The Wire Act prohibits the use of wire communications facilities—including the Internet—to transmit wagers, or information assisting in the placing of wagers, in interstate or foreign commerce. While an exception to this prohibition exists for information assisting in the placing of sports wagers if the information is both transmitted and received in a state or country where sports wagering is legal, no exception exists for the wagers themselves. The interstate transmission of sports wagers via “wires” is prohibited. But in an opinion issued in 2011, the DOJ stated that the Wire Act applied only to interstate sports wagering. Non-sports-related gambling activities, such as online lotteries, were not prohibited. However, in a new opinion dated Nov. 2, 2018, the DOJ reinterpreted the Wire Act, concluding that it applies to all forms of interstate gambling activities, not just sports wagering.

Thus, despite Murphy, the Wire Act continues to limit sports wagering activity to purely intrastate operations. This means that all wagers must be initiated, received, accepted and processed within a single state in which such wagering activity is legal. Arguably, under the DOJ’s current interpretation of the Wire Act, the servers and other technical equipment used by sports wagering operators must be located in the same state. The problem here is that the modern Internet was not designed to be confined by borders. This gives rise to the issue of intermediate routing—sometimes referred to as the “errant electron” problem. That is, because packets of information on the Internet typically travel via the most efficient means existing at the time of the transmission, it is possible that wagers or gambling-related information will travel across state lines, if only temporarily, before returning to the state of initiation and acceptance. This interstate aspect of the wagering process, albeit fleeting, may technically violate the Wire Act, and therein lies the problem.

Whether such intermediate routing actually violates the Wire Act depends on how the relevant U.S. attorneys—and, ultimately, the courts—enforce the prohibition. In Nevada, the state’s gambling regulators seem to recognize that legal intrastate sports wagers do not lose their legal status just because related transmissions may have been routed through nearby states.
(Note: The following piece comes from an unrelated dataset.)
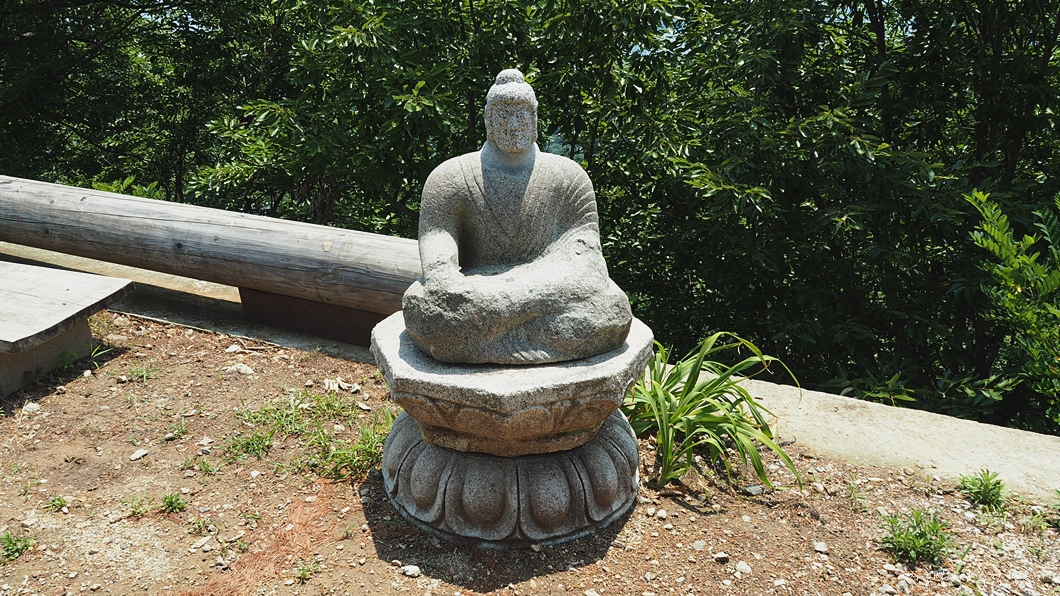 법당 앞에는 목이 날아 간 부처님이 있는데 새로 얹어서 땜빵을 한 머리가 너무 작아 아주 이상하게 보이는 돌부처가 되었습니다.

Further, the Nevada Gaming Commission has adopted regulations that would allow for interstate sports wagering, should such activity become legal under federal law. Yet, it is unknown if legislatures and regulators in other jurisdictions will adopt the same view. And, importantly, the DOJ’s  view is even less clear.

In the only reported court decision arguably on point, the court assessed whether the Wire Act applied to the use of a wire to carry information assisting in wagering on horse races, where the messages were initiated and ended in West Virginia—where the activity was legal under state law—but were routed through Ohio—where it was not. In United States v. Yaquinta, a federal grand jury charged several bookmakers with conspiracy to violate the Wire Act. The defendants moved to dismiss the indictment, arguing that the Congress did not intend to criminalize the use of an interstate wires to transmit messages within West Virginia, no matter how many states the “electrical impulses, carried by the wires,” traversed. The district court disagreed, holding that “the intermediate crossing of a state line provides enough of a peg of interstate commerce to serve as a resting place for the congressional hat, if that will serve the congressional purpose.”

All things considered, it would now seem that to apply § 1084 to a business model—that was established long after the Wire Act itself—and, that accepts online sports wagers received in a single state in which such activity is legal, regardless of any intermediate routing, is not only illogical, but inconsistent with the overall purpose and intent of the statute.